[FFmpeg-devel] [PATCH 0/5][TESTERS WANTED] Improve startcode search

Sun Jun 2 01:47:14 EEST 2019

This patch is about improving the startcode search in
libavcodec/startcode.c; this is used by the H.264 and the VC-1 parsers.
(In this context, "startcode" always means the MPEG-1/2/4, H.264/5,
VC-1 startcode 0x00 0x00 0x01, potentially with another leading zero.)
There are currently three things to improve about it:

1. It doesn't really find startcodes, but searches for zeros and lets
the caller weed out the real startcodes from it. This leads to lots
(millions per GB of video parsed) of unnecessary function calls with the
accompanying overhead.
2. It uses a suboptimal pattern for its search; improving it can improve
performance.
3. If HAVE_FAST_UNALIGNED is false and there is no system-dependent
startcode search function available (ARMV6 is currently the only system
with its own search function), it resorts to checking each byte
one-by-one and is therefore very slow.

I have solved all these three issues. At first, I wanted to keep using
not necessarily aligned reads if HAVE_FAST_UNALIGNED is true, but my
benchmarks showed that even then aligned reads turned out to be
superior, so the new implementation uses aligned reads for all platforms
regardless of HAVE_FAST_ALIGNED. This allowed so simplify the code a
bit. You can take a look at the older version at [1].

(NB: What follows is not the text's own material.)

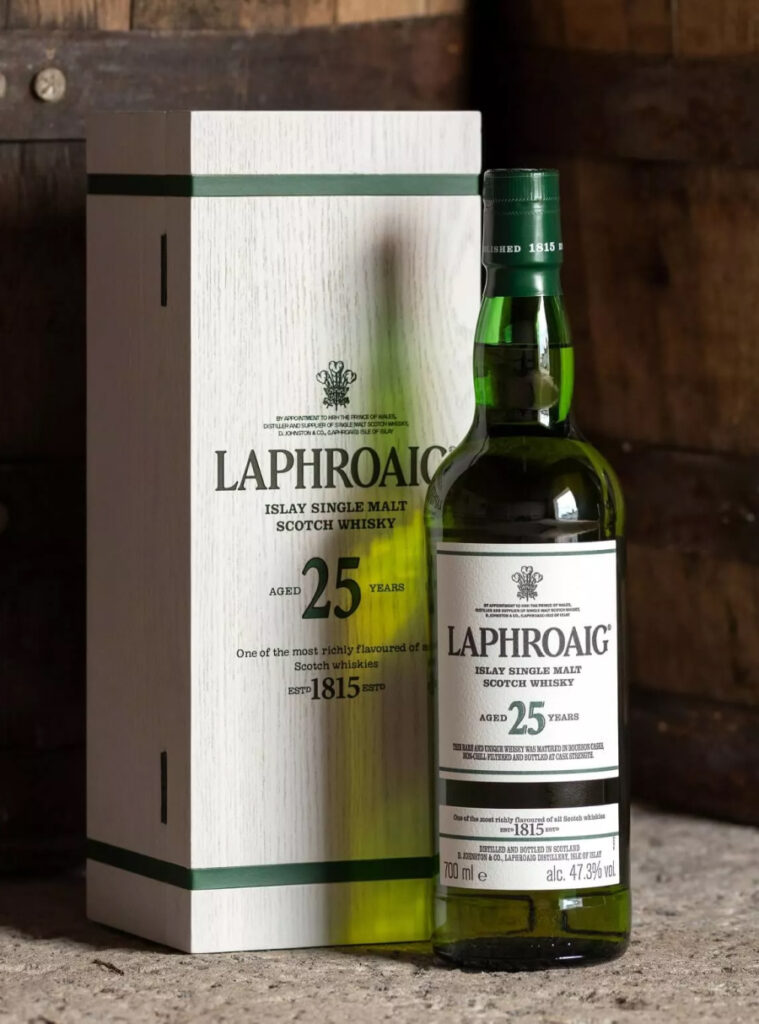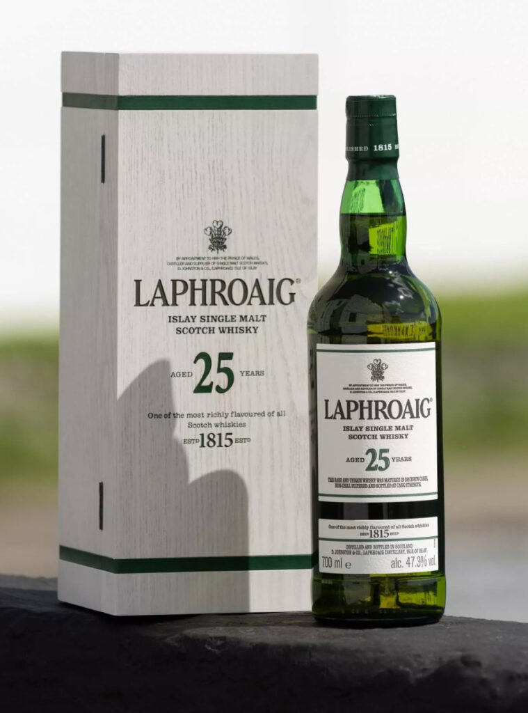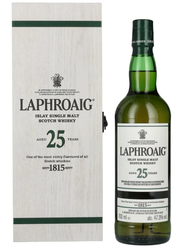 • a classic Laphroaig aftertaste, evolved and mellowed by 25 years in cask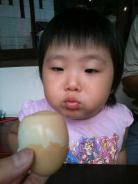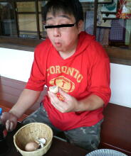 旦那は美味しそうに、「温泉卵」3個を頬張り~

The alignment check is actually simple: Make sure that a pointer, when
cast to uintptr_t, is divisible by 4 resp. 8. But given that the C
standard leaves the relationship between pointer and uintptr_t mostly
undefined (the only guarantee is that after casting a pointer to void to
uintptr_t and back to void* the result compares equal to the original
pointer) I'd encourage if someone tested this on systems where unaligned
accesses lead to crashes or to abysmal performance. It would also be
nice if someone could complement my x64 benchmarks with benchmarks for
other systems. (Remember: For benchmarks on ARM V6 one should comment
out lines 114-117 in libavcodec/arm/h264dsp_init_arm.c (and lines 31-34
in libavcodec/arm/vc1dsp_init_arm.c if one wants to test via the VC-1
parser) to disable the platform-specific startcode-search functions.
I am actually curious how my version fares against the hand-written
assembly version.)

One should not use a container like Matroska to test this, because
in this case every block contains a whole frame (so that the startcode
search isn't used in such situations). Use e.g. transport streams.
And when benchmarking, one should not benchmark calls to the
startcode_find_candidate function directly (because the current code
returns lots of false positives and this patchset changes this), but
rather the calls to h264_find_frame_end or to h264_parse. 

- Andreas

PS: Thanks to Mark for testing the earlier version [1] of this
patchset on an ARM device where (so he thought) unaligned accesses would
lead to (or rather: can be configured to) SIGBUS; although he has
encountered no issues with my patch, he thinks that the CPU fixes up
four byte unaligned accesses by itself whereas eight-byte unaligned
accesses trap as expected. So further testing would be good.   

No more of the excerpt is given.